If a HashMap is able to evenly place nodes into a table array, we can find the desired value quickly as long as we somehow know the index of the array where the Node with the specified key resides.

And then we’re going to look at how to locate the table array.

4. Go to the HashMap constructor

With the above basic knowledge, know the field meaning and data structure, we have a little confidence can formally enter the source code to read. I think the best way to understand a class is to start with the constructor, know what initialization is done to construct the object, and then drill down into the usual methods.

    public HashMap(int initialCapacity) {

        // If only the initial value is passed, the default load factor of 0.75 is used

        this(initialCapacity, DEFAULT_LOAD_FACTOR);

    }



   public HashMap(int initialCapacity, float loadFactor) {

        if (initialCapacity < 0)

            throw new IllegalArgumentException("Illegal initial capacity: " +

                                               initialCapacity);

       // Ensure that the initial capacity is 2^30

        if (initialCapacity > MAXIMUM_CAPACITY)

            initialCapacity = MAXIMUM_CAPACITY;

        if (loadFactor <= 0 || Float.isNaN(loadFactor))

            throw new IllegalArgumentException("Illegal load factor: " +

                                               loadFactor);

       // Use the specified value to initialize the load factor and determine whether to expand the threshold.

        this.loadFactor = loadFactor;

        this.threshold = tableSizeFor(initialCapacity);

    }

Copy the code

As you can see, the main purpose of the constructor is to initialize the load factor and the hash table capacity. And you might be wondering, isn’t this initializing threshold? Don’t be fooled, this is just temporarily storing the hash table capacity on threshold. I think the HashMap does not want to add extra fields to store the hash table capacity, because the array length can be represented, but the array has not been initialized for the time being, so the capacity is temporarily stored in threshold.

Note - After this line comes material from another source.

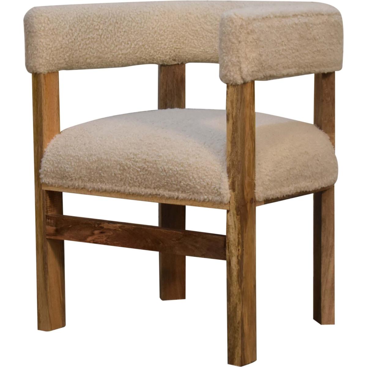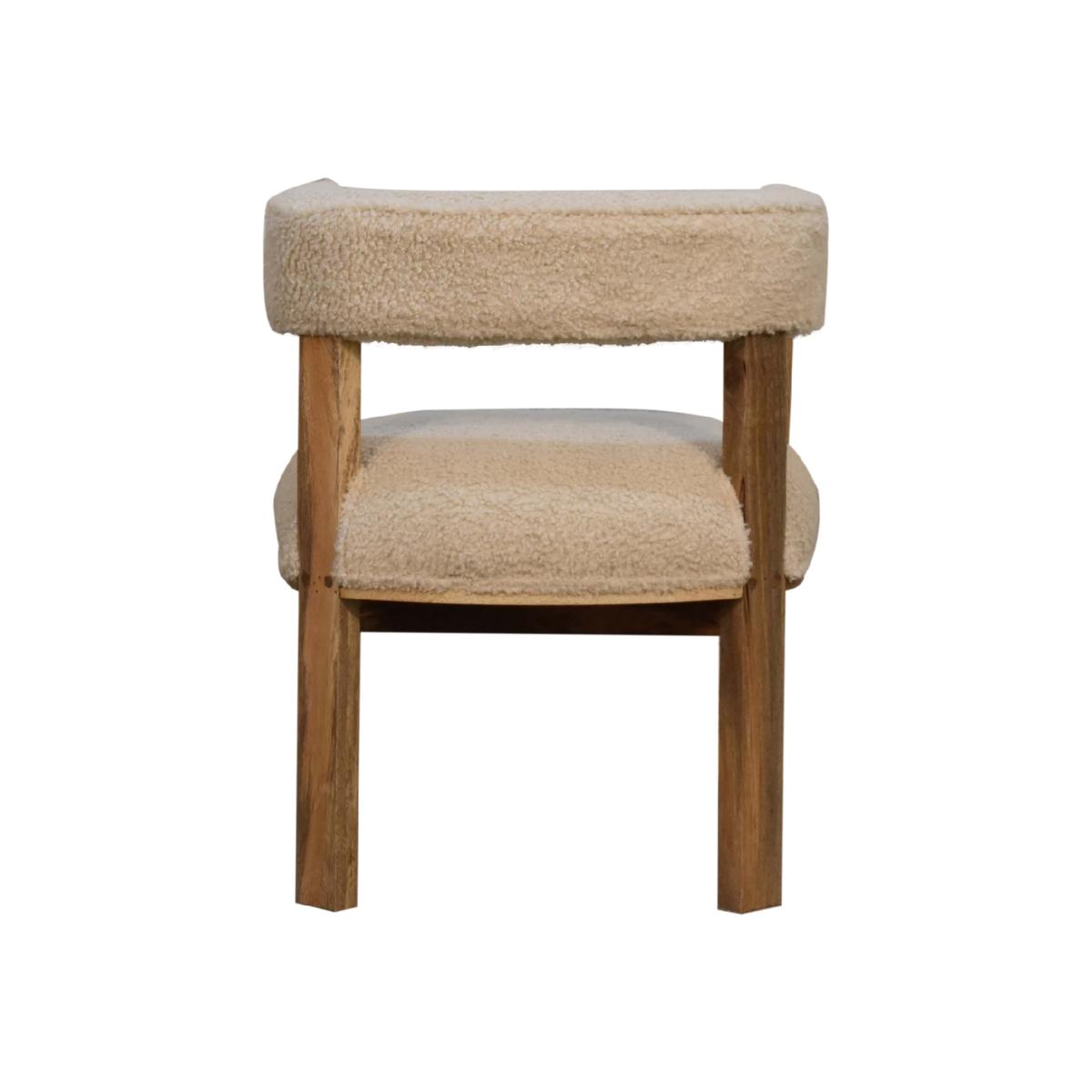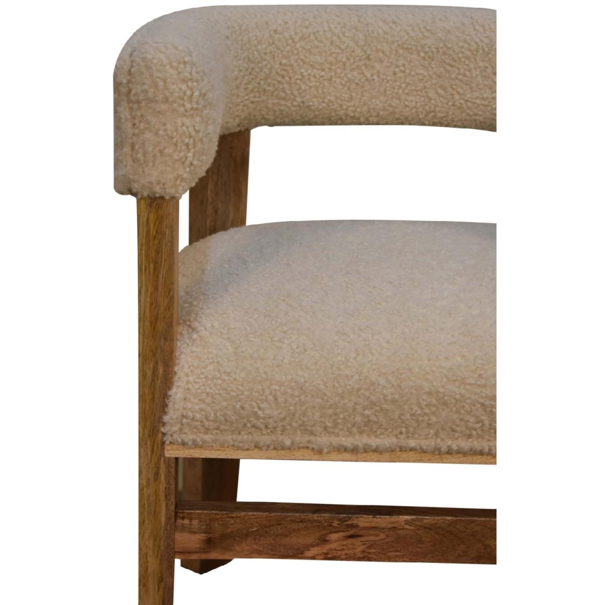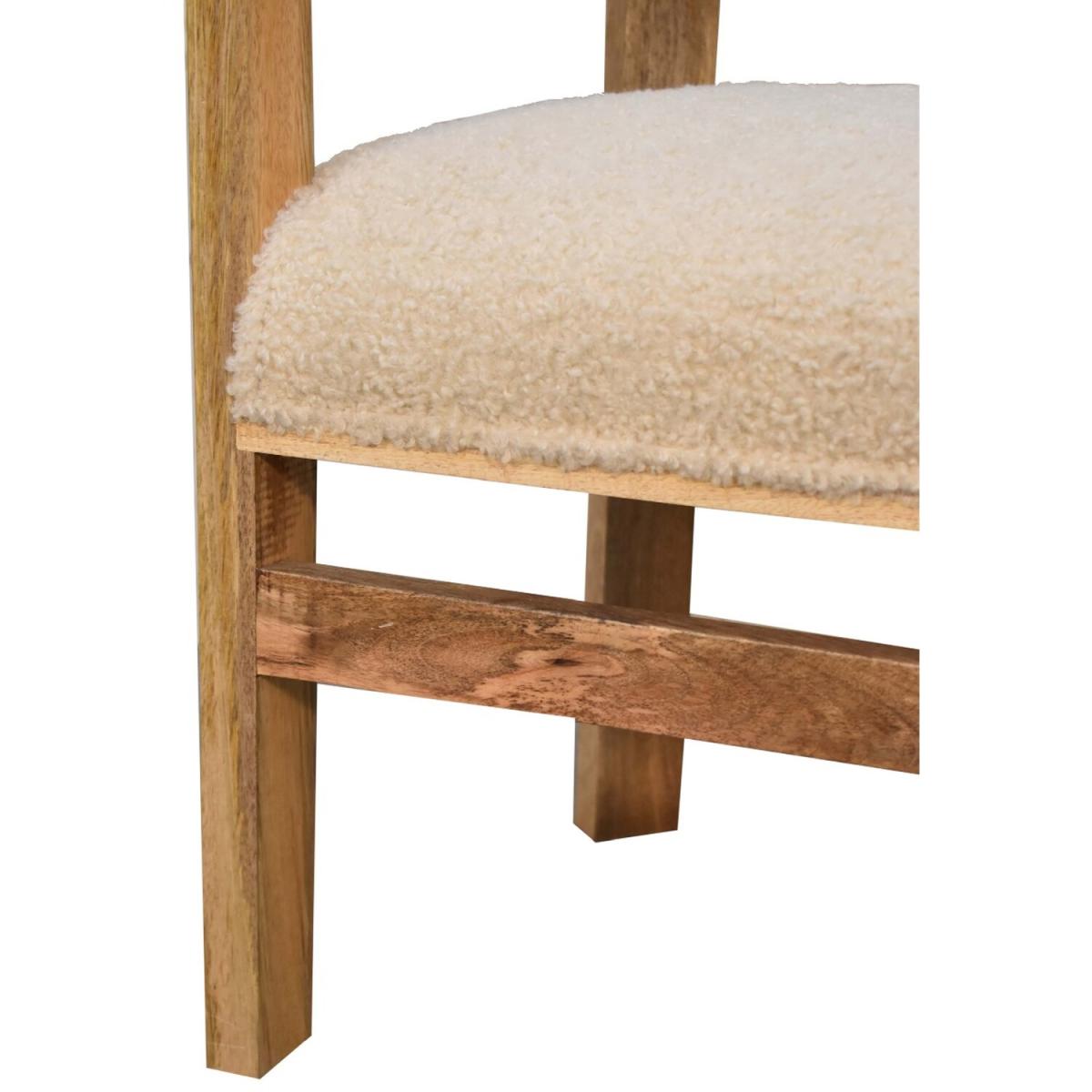 Derived from the French word for curled or ringed yarn or fabric. This handwoven upholstered furniture piece is made of 100 cotton and natural yarn, combing a solid wood frame and legs which are constructed from 100 solid mango wood in an oak-ish finish, allowing both finishes and materials to compliment each other beautifully.

We see that the user-specified initialCapacity passed into tableSizeFor method returns a value that is the actual initialized capacity. ????? What the hell is this? But let’s unveil its mystery.

/ * *

 * Returns a power of two size for the given target capacity.

* /

static final int tableSizeFor(int cap) {

        int n = cap - 1;

        n |= n >>> 1;

        n |= n >>> 2;

        n |= n >>> 4;

        n |= n >>> 8;

        n |= n >>> 16;

        return (n < 0)?1 : (n >= MAXIMUM_CAPACITY) ? MAXIMUM_CAPACITY : n + 1;

    }

Copy the code

Okay, let’s just cover it up. 9 Dragons didn’t figure it out. Return the first number greater than or equal to the target value, which must be a power of 2.

For example:

If you put in 10, the first number greater than or equal to 10, again, to the power of 2, is 16;

If you put in 7, the first number greater than or equal to 7, again to the power of 2, is 8;

If you enter 20; The first number greater than or equal to 20, again to the power of 2, is 32;

At this point we have to ask ourselves, why does the hash table have to be a power of two?

5. Main methods of dissecting HashMap

5.1, the put

Whenever we new a HashMa object, we call the PUT method to add key-value pairs. Can I be the same as those who post code directly? What’s the difference, hahaha. 9 dragon will read the source code first, and then paste flow chart, so we will understand a little more.

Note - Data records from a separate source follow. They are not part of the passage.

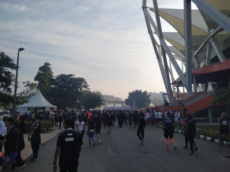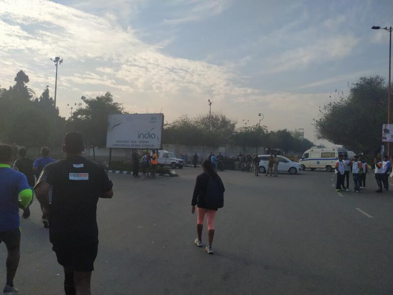 So. 24.02. Eigentlich hatte ich mich so gut vorbereitet, dass eine Zeit unter 4 Stunden locker hätte drin sein sollen. Aber nach den letzten Tagen ist es ja reines Glück (im Unglück), dass ich heute überhaupt starten kann. Und so wäre ich nun mit einem Finish, egal in welcher Zeit, zufrieden. Logo Um 2:45 Uhr gehe ich zum Start am, bzw. im 20 Gehminuten entfernten "Jawaharlal Nehru Stadium". Das war etwas zu früh, da um 3 Uhr das gesamte Stadiongelände noch abgesperrt ist. Mit etwas Verspätung werden die Teilnehmer um 3:20 Uhr auf das Stadion-/Veranstaltunsgelände gelassen. Im Moment sind es lediglich 13 Grad und zum Rumstehen ist es etwas zu kühl, weshalb ein lockeres Aufwärm-/Animationsprogramm geboten wird. Um 3:50 Uhr, 10 Minuten vor dem Start, werden die Teilnehmer dann auch an die Startlinie im Stadion gelassen. Um diese Zeit ist hier natürlich keiner, ganz anders als letztes Jahr in Pyongyang, als das Stadion "ausverkauft" war. Es ist aber trotzdem immer wieder eine schöne Sache, in einem Stadion zu starten.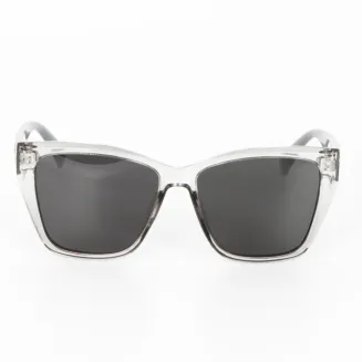 Ten model z transparentną ramką to kwintesencja nowoczesnego minimalizmu i elegancji. Transparentność dodaje lekkości i uniwersalności, dzięki czemu okulary świetnie komponują się z różnymi stylami i kolorami ubrań. Popielate zauszniki w subtelny sposób podkreślają nowoczesny design, a mocno przyciemnione szkła zapewniają skuteczną ochronę przed słońcem, jednocześnie dodając odrobinę tajemniczości i klasy.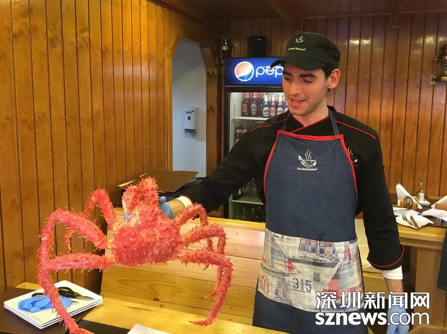 深圳新聞網(wǎng)訊 蜘蛛蟹(又名皇帝蟹)只產(chǎn)于南北兩極冰冷的海洋中,因為八條腿特長,外觀形似蜘蛛,而且觸角也比普通螃蟹多,所以被稱為蜘蛛蟹,大個的重量可達(dá)5公斤以上。智利政府規(guī)定,小于1.5公斤的不許捕撈。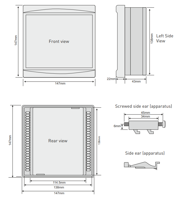 • Classe de proteção:IP41 (painel frontal), IP20 (caixa)

public V put(K key, V value) {

    return putVal(hash(key), key, value, false.true);

}



static final int hash(Object key) {

        int h;

    // The high 16 bits of the key and the low 16 bits of the key are xor to reduce the probability of hash collisions

        return (key == null)?0 : (h = key.hashCode()) ^ (h >>> 16);

    }

Copy the code

Let’s see what putVal did.

    / * *

* This method is used to store (k,v) key-value pairs into a HashMap

     *

     * @paramThe hash key hash

     * @paramKey the key object

     * @paramValue Key Value object

     * @paramOnlyIfAbsent If true, the original value is not overwritten.

     * @param evict if false, the table is in creation mode.

     * @returnReturns the old value, or null if none is present.

* /

    final V putVal(int hash, K key, V value, boolean onlyIfAbsent,

                   boolean evict) {

        Node<K,V>[] tab; Node<K,V> p; int n, i;

        // When a HashMap object is constructed, the load factor and capacity are initialized, but the hash table is not initialized. This is where the first initialization takes place.

        if ((tab = table) == null || (n = tab.length) == 0)

            n = (tab = resize()).length;

        // If you get a hash value, how can the hash values be evenly distributed in the table array if they are rarely the same? The easiest thing to think of is hash%n, where n is the length of the table array. But the % operation is slow, and we know that the bit operation is the fastest, and the computer recognizes binary. So if n is guaranteed to be a power of 2, hash%n is the same as hash&(n-1). That's why the initial capacity is to the power of two.

        // When no hash bucket is found, build a Node to insert it

        if ((p = tab[i = (n - 1) & hash]) == null)

            tab[i] = newNode(hash, key, value, null);

        else {

            // Otherwise, a hash collision is generated.

            Node<K,V> e; K k;

            // Check whether the hash is the same as that of the node in the bucket and the equals method of the key is true, indicating duplicate keys, then record the current node

            if (p.hash == hash &&

((k = p.key) == key || (key ! =null && key.equals(k))))

                e = p;

            // If the bucket node is a tree node, place it in the tree and return the old value

            else if (p instanceof TreeNode)

                e = ((TreeNode<K,V>)p).putTreeVal(this, tab, hash, key, value);

            else {

                // Indicates a linked list and has not yet been converted to a red-black tree.

                for (int binCount = 0; ; ++binCount) {

                    // If the next index of a node is null, there is no node behind it

                    if ((e = p.next) == null) {

                        p.next = newNode(hash, key, value, null);

                        // The length of the list is 9, i.e. 8 hash collisions will transform the list into a red-black tree

                        if (binCount >= TREEIFY_THRESHOLD - 1) // -1 for 1st

                            treeifyBin(tab, hash);

                        break;

                    }

                    // If the key is the same key, the loop is broken

                    if (e.hash == hash &&

((k = e.key) == key || (key ! =null && key.equals(k))))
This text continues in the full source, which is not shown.